= Rolls-Royce SZ =

Rolls-Royce SZ and Bentley SZ are the platform of several Rolls-Royce and Bentley automobile models produced from 1980 to 2003.

The SZ series succeeded the SY series, the basis for the Rolls-Royce Silver Shadow and Silver Wraith, and Bentley T-series, produced from 1965 to 1980, as well as the Rolls-Royce Corniche, produced from 1966–1995.

The "SZ" was originally an internal code name at Rolls-Royce Motors. All SZ cars has the letter Z at the fourth position in the Vehicle Identification Number (VIN) and are powered by the Rolls-Royce – Bentley L Series V8 engine. The SZ was introduced to the media in Nice ahead of its official Geneva Motor Show debut.

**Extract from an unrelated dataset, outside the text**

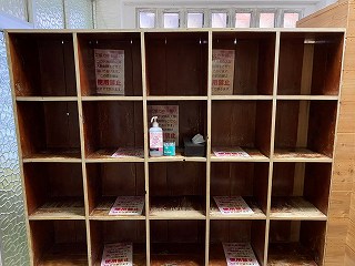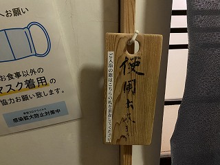 家族風呂は無料の貸切制なので、利用する時は 入口にある木札を裏返して使用中に

== Rolls-Royce SZ models ==
- Rolls-Royce Silver Spirit
- Rolls-Royce Silver Spirit II
- Rolls-Royce Silver Spirit III
- Rolls-Royce New Silver Spirit (mark IV)
- Rolls-Royce Silver Spur
- Rolls-Royce Silver Spur II
- Rolls-Royce Silver Spur III
- Rolls-Royce New Silver Spur (mark IV)
- Rolls-Royce Silver Dawn
- Rolls-Royce Flying Spur
- Rolls-Royce Touring Limousine
- Rolls-Royce Park Ward Limousine
- Rolls-Royce Corniche (from 1982)
- Rolls-Royce Corniche II
- Rolls-Royce Corniche III
- Rolls-Royce Corniche IV
- Rolls-Royce Corniche V (2000)

== Bentley SZ models ==
- Bentley Mulsanne
- Bentley Mulsanne Turbo
- Bentley Eight
- Bentley Turbo R
- Bentley Turbo RT
- Bentley Mulsanne S
- Bentley Continental R
- Bentley Brooklands
- Bentley Azure (mark I)
- Bentley Continental T
- Bentley Touring Limousine
- Bentley Corniche (1982-1998)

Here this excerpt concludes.